“I think that it’s extraordinarily important that we in computer science keep fun in computing. When it started out, it was an awful lot of fun. Of course, the paying customers got shafted every now and then, and after a while we began to take their complaints seriously. We began to feel as if we really were responsible for the successful, error-free perfect use of these machines. I don’t think we are, I think we’re responsible for stretching them, setting them off in new directions, and keeping fun in the house.
I hope the field of computer science never loses its sense of fun. Above all, I hope we don’t become missionaries. Don’t feel as if you’re Bible salesmen. The world has too many of those already. What you know about computing other people will learn. Don’t feel as if the key to successful computing is only in your hands. What’s in your hands, I think and hope, is intelligence: the ability to see the machine as more than when you were first led up to it, that you can make it more.”
– Alan Perlis, in the dedication section of the book.
Rewording the quote above, Structure and Interpretation of Computer Programs is a book helps you to “see the machine as more than when you were first led up to it, that you can make it more.” The book doesn’t just teach you to code – it teaches you new ways – better ways to think about fundamental things like data, computers, instructions and the notion of thinking itself.

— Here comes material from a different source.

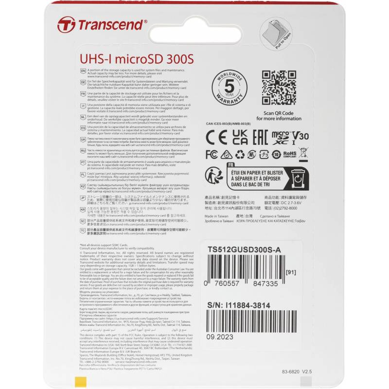 Флеш карта microSDXC 512GB Transcend TS512GUSD300S-A 300S + adapter

The book is not only full of pointers to other disciplines like mathematics and physics (at one point the authors draw parallels between a world line and a stream of data), but also contains numerous intriguing facts (like how Fermat wrote “I have discovered a truly remarkable proof, but this margin is too small to contain it”, for a theorem in one of his notebooks and it took mathematicians over 300 years to prove it and how Heron of Alexandria was developing algorithms to find square roots in the first century A.D.).
What makes it even better is the fact that imperative programming is not introduced until page 200. The authors introduce functional programming first – in fact they even show how complex mathematical tasks like computing integrals can be done using only functional programming with far more elegance.
The icing on the cake is that it contains extremely refined information and beautiful ways to think about a wide range of topics from Computer Science. To name a few, it talks about recursion, mathematical notation like Big O, creating small languages for specific purposes (the so called “Domain Specific Languages”), a huge variety of data structures, advantages and pitfalls of concurrency, linguistic abstraction (a large portion of chapter 4 is about writing an interpreter for Lisp in Lisp itself), databases, compilers, computer organization and architecture (all of chapter 5 is about this low level stuff).
Once again, paraphrasing the quote above, I hope I don’t sound like a “Bible salesman” for SICP. However, I sincerely believe that you should at least try to read SICP, irrespective of your profession. It will not only teach you about computers (which is always useful to know about, especially in today’s world), but also superior ways to think.